There was an aftertaste to “Jackie” for me though–a sense of a movie having it both ways by exploiting the very things it seems to critique. “Spencer,” Larrain’s wildly over-praised new biopic about Princess Diana, crystallizes all those suspicions for me.
“Spencer” begins with Diana literally “lost” on a rural roadway–a harbinger of hamfistedness to come. It is 1991-ish, and in an act of petty defiance, Lady Di is driving herself to the Queen’s Sandringham Estate at Yuletide, where she will be asked to enact a Christmas Pantomime of familial tranquility with her estranged husband Prince Charles and her beloved sons Princes William and Harry on hand as props. It’s all for the benefit of the Queen and her brisk and solemn Royal Staff, for Britain needs its royals pickled on mulled wine and mince pie come the Hoganmay, lest tradition itself be trampled. Tranquility is unavailable to Diana however; she has recently become aware that her husband is cheating on her with his old lover Camilla Parker-Bowles, and is in the grips of a mental meltdown.

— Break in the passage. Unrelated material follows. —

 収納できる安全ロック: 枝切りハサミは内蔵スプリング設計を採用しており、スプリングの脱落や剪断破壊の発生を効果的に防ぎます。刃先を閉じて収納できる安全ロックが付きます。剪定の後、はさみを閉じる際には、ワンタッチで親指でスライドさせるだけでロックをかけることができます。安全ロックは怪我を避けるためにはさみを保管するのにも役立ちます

That meltdown informs the narrative strategies used by Larrain and his screenwriter Steven Knight, in the same loose, non-clinical manner of a William Castle horror movie like “Strait-Jacket.” Diana fantasizes about choking herself with the royal pearls; she dances with an innocent ballerina version of her younger self; she tumbles to her death down a flight of stairs. And then, as they say, she wakes up.

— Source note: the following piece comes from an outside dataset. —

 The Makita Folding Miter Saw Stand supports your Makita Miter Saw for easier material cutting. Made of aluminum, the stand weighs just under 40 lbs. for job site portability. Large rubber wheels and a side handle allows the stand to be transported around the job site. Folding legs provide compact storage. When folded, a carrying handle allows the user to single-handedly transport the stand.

Mostly, Diana is haunted by the ghost of Anne Boleyn, the beheaded second wife of Henry VIII. Lest we miss a metaphor, Anne is clearly and specifically described in dialogue as a symbol of patriarchal royal abuse, and late in the game, Stewart herself materializes briefly as a Lady Di/Boleyn hybrid, like Jeff Goldblum in “The Fly.” All this lovelessness and publicity is killing her, don’t you see. It’s, you know, like having your head chopped off. Sorta.
As “Jackie” was for Natalie Portman, “Spencer” is genetically engineered to get Kristen Stewart an Oscar nomination, and it will certainly do so. The relentless intimacy of Larrain’s technique, which can barely stand to cut to a shot of another actor, assures us we are watching a great performance. So many people have said Stewart is wonderful that I hesitate to dissent, but here goes: aside from the overuse of Diana’s flinching, please-don’t-hurt-me posture from her TV interviews with Charles and Stewart’s deployment of a cut-glass Estuary English accent, Stewart is mostly called upon here to run her old “Twilight” playbook: moist-eyed with anticipated terrors, occasionally she weeps. She’s good at it–why shouldn’t she be, after so much practice?

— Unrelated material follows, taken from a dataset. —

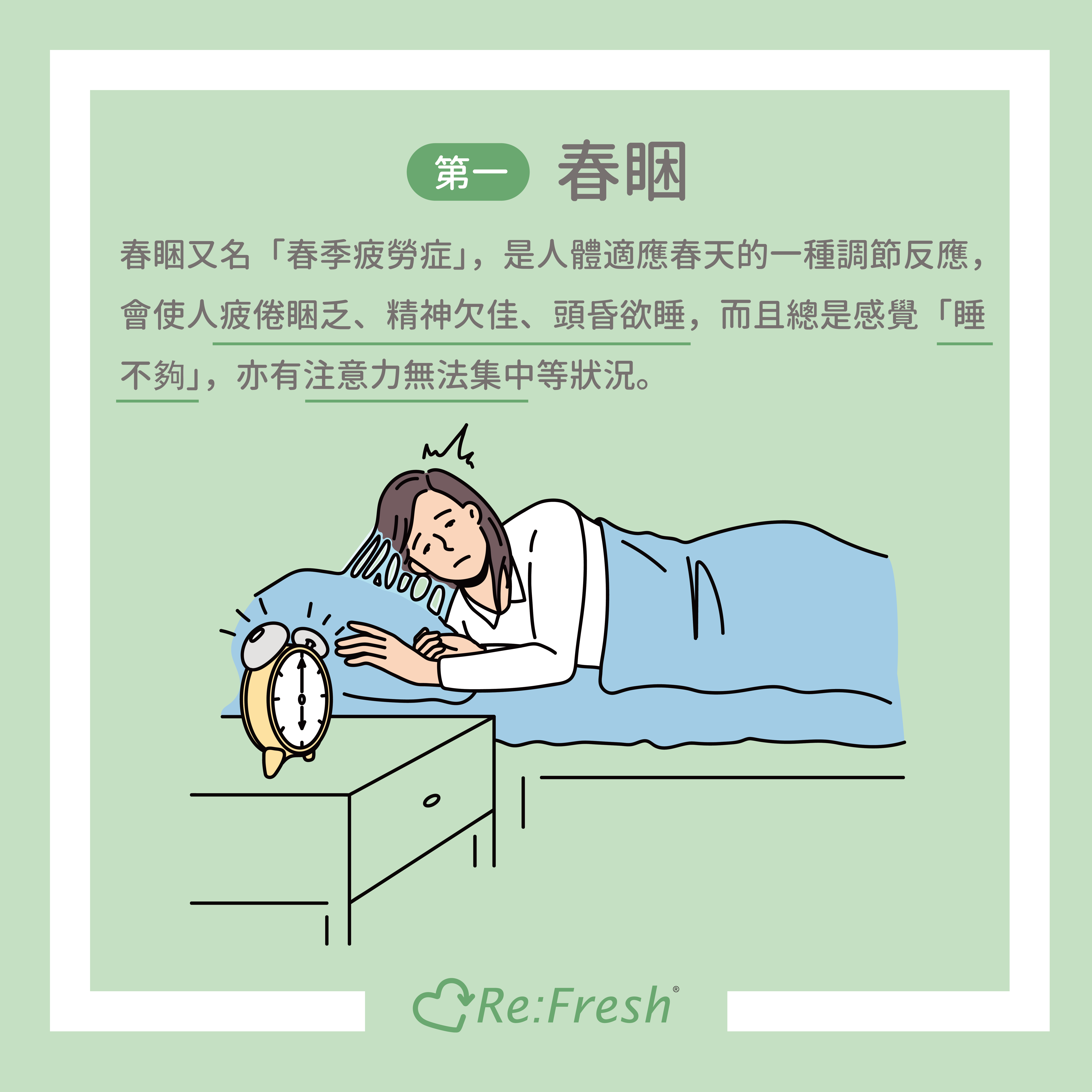 春睏又名「春季疲勞症」,是人體適應春天的一種調節反應,會使人疲倦睏乏、精神欠佳、頭昏欲睡,而且總是感覺「睡不夠」,亦有注意力無法集中等狀況。

But it’s the visual mannerisms that add all the awards-worthy portent here–the period flourishes, the endless echo-chamber poshness of palatial landscapes–and the visual mannerisms are a mask. Pull that mask down and we have a “women’s picture” about female agony, peppered with salacious details–about Diana’s bulimia and self-harm, her husband’s infidelities, and the general puzzlement of the Firm over the flowering neurosis she brought into their midst. These are narrative flourishes straight from the Gospel of Martin Bashir. As with “Jackie,” there’s a sense that “Spencer” is a Big Mac of tabloid analysis served on a sterling silver tray. It isn’t that the empress wears no clothes, but that the clothes are the circus wardrobe of the Daily Mail and The Express. “Spencer” is a movie that feeds on the corpse it seeks to sanctify.
Marilyn Monroe and Maggie Thatcher had best watch their backs.